• **Brief**
Task for the records below: please retype exactly and only the lines from the first through the one with "Tres activistes: Bruno", with every picture omitted.

━━ Information provided

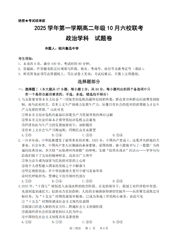 高二政治--浙江省六校联盟2025-2026学年高二上学期10月月考
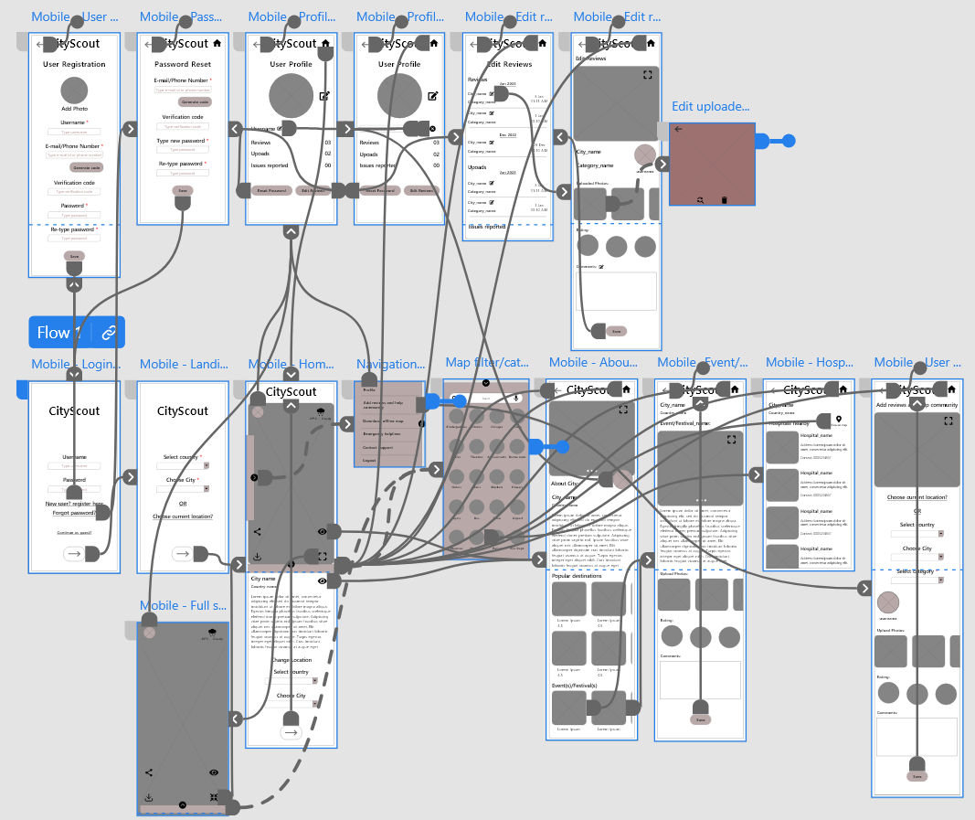 Image- High Fidelity Prototype of CityScout Website with links connecting all the screens
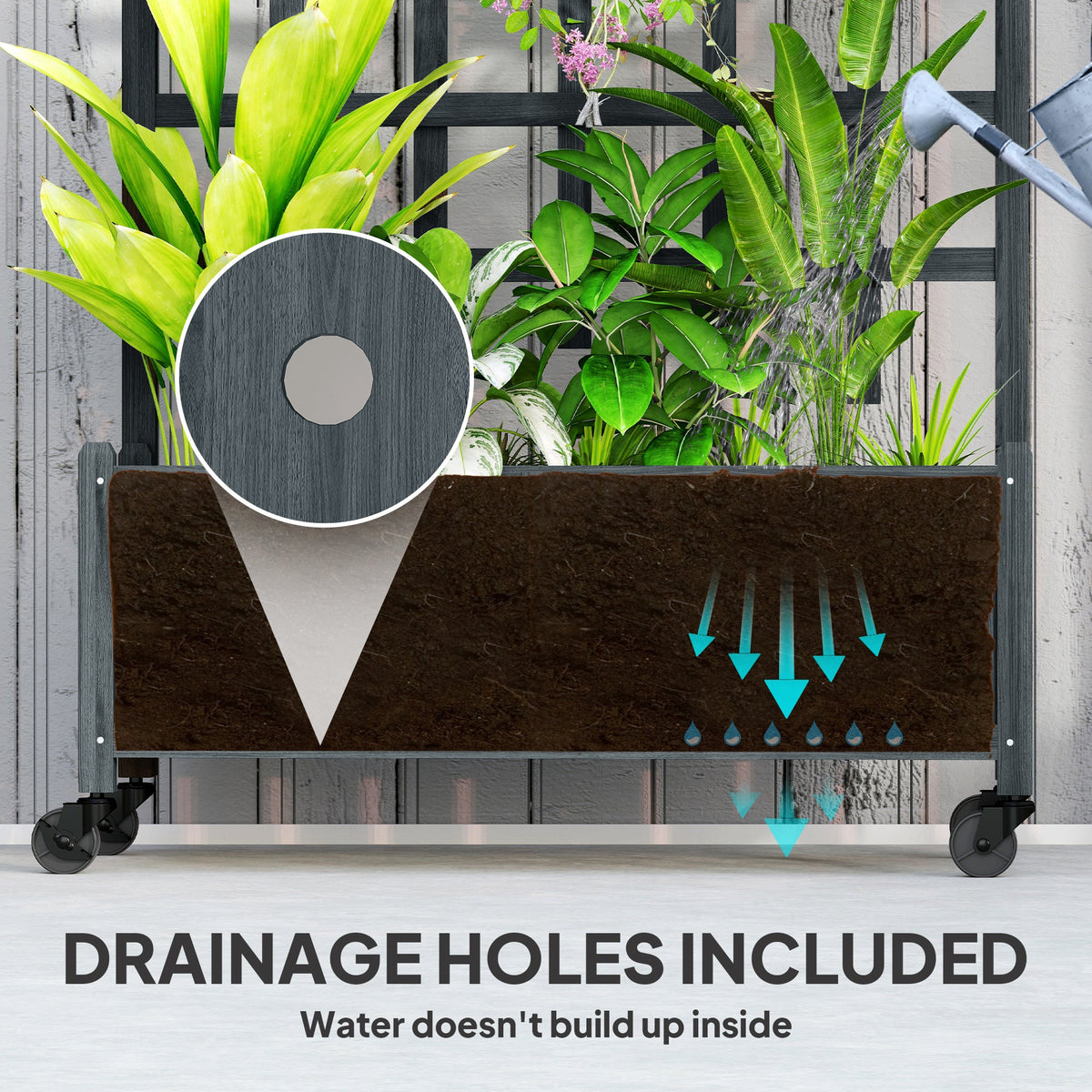 Outsunny Wooden Trellis Planter, Raised Garden Bed with Wheels, to Climb and Grow Vegetables, Herbs and Flowers, Grey - Grey
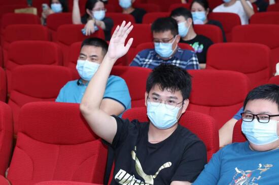 活动现场摆放了松岗街道全域党建共同体红色茅洲河知识竞赛的宣传展板和宝安区开展“学习强国”系列活动的重要成果。活动前后,观众们有序落座,排队离场。活动还特别设置了观众互动环节,观众参与积极性高,回答问题正确的观众还可获得精美的盲盒礼品。
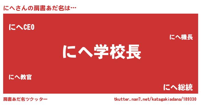 | ヒーロー風カッコイイあだ名 | 『正義の使者にへ』『スーパーニヘ』 |
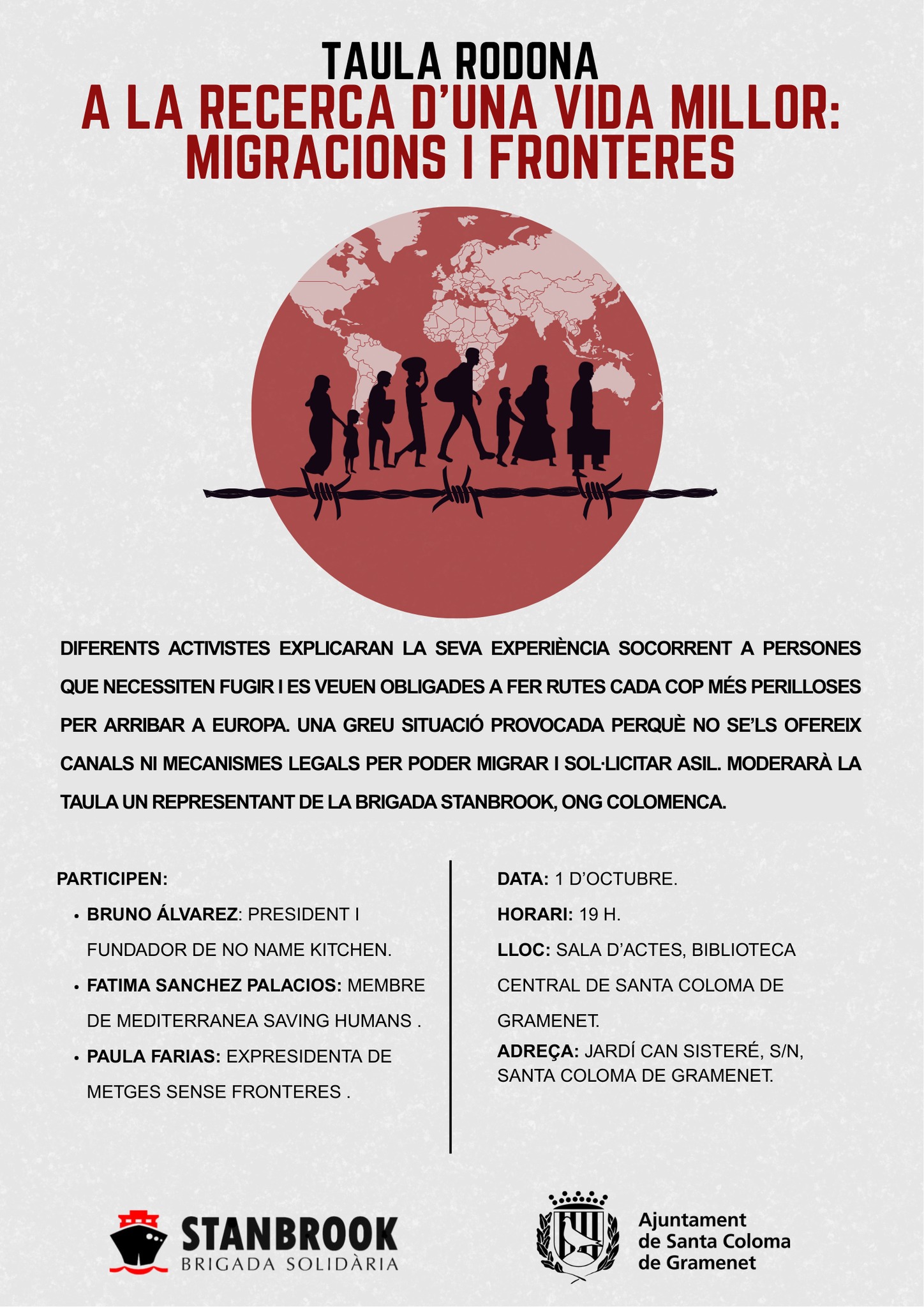 Tres activistes: Bruno Álvarez, president i fundador de No Name Kitchen, Fátima Sánchez Palacios, tripulant de Mediterranea Saving Humans i Paula Farias, expresidenta de Metges Sense Fronteres ens parlaran aquesta tarda de la seva experiència socorrent a persones que necessiten fugir i es veuen obligades a fer rutes cada cop més perilloses per arribar a Europa. Una greu situació provocada perquè no se’ls ofereix canals ni mecanismes legals per poder migrar i sol·licitar asil. Moderarà la taula un representant de la Brigada Stanbrook, ONG colomenca.
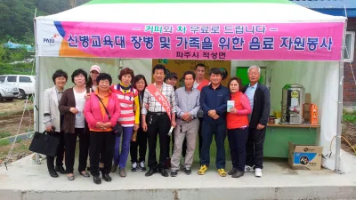 파주 적성면, 28사단 신병교육대 방문객에게 무료 음료 제공- 지역경제 활성화와 시 이미지 향상에 기여 - 파주시 적성면(면장 김건배)은 5월 19일부터 육군 제28사단 신병교육대 입소 가족과 장병을 위해 무료로 커피와 녹차를 제공하는 봉사활동을 시작했다. 음료 무...
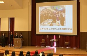 1日14日(火)朝の放送礼拝にて留学帰国報告がありました。今回は、「官民共働海外留学…
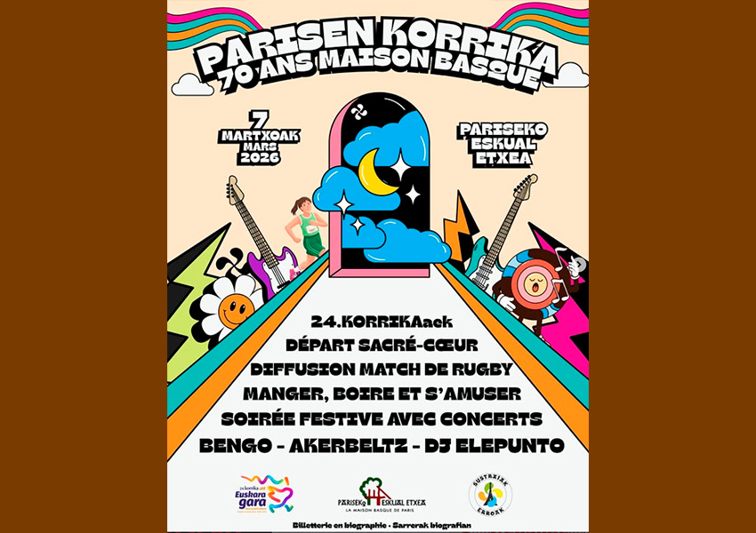 A las 15 horas, quien así lo desee podrá seguir el partido de rugby Escocia-Francia de la Liga de las Naciones. A las 17 horas la Korrika partirá de Sacré Coeur para cruzar la ciudad y llegar a Euskal Etxea de París, donde se llevará a cabo toda una fiesta vasca con comida, conciertos... con los grupos Bengo, Akerbeltz y el DJ Eelepunto.

━━━━

• **Answer area**
 高二政治--浙江省六校联盟2025-2026学年高二上学期10月月考
 Image- High Fidelity Prototype of CityScout Website with links connecting all the screens
 Outsunny Wooden Trellis Planter, Raised Garden Bed with Wheels, to Climb and Grow Vegetables, Herbs and Flowers, Grey - Grey
 活动现场摆放了松岗街道全域党建共同体红色茅洲河知识竞赛的宣传展板和宝安区开展“学习强国”系列活动的重要成果。活动前后,观众们有序落座,排队离场。活动还特别设置了观众互动环节,观众参与积极性高,回答问题正确的观众还可获得精美的盲盒礼品。
 | ヒーロー風カッコイイあだ名 | 『正義の使者にへ』『スーパーニヘ』 |
 Tres activistes: Bruno Álvarez, president i fundador de No Name Kitchen, Fátima Sánchez Palacios, tripulant de Mediterranea Saving Humans i Paula Farias, expresidenta de Metges Sense Fronteres ens parlaran aquesta tarda de la seva experiència socorrent a persones que necessiten fugir i es veuen obligades a fer rutes cada cop més perilloses per arribar a Europa. Una greu situació provocada perquè no se’ls ofereix canals ni mecanismes legals per poder migrar i sol·licitar asil. Moderarà la taula un representant de la Brigada Stanbrook, ONG colomenca.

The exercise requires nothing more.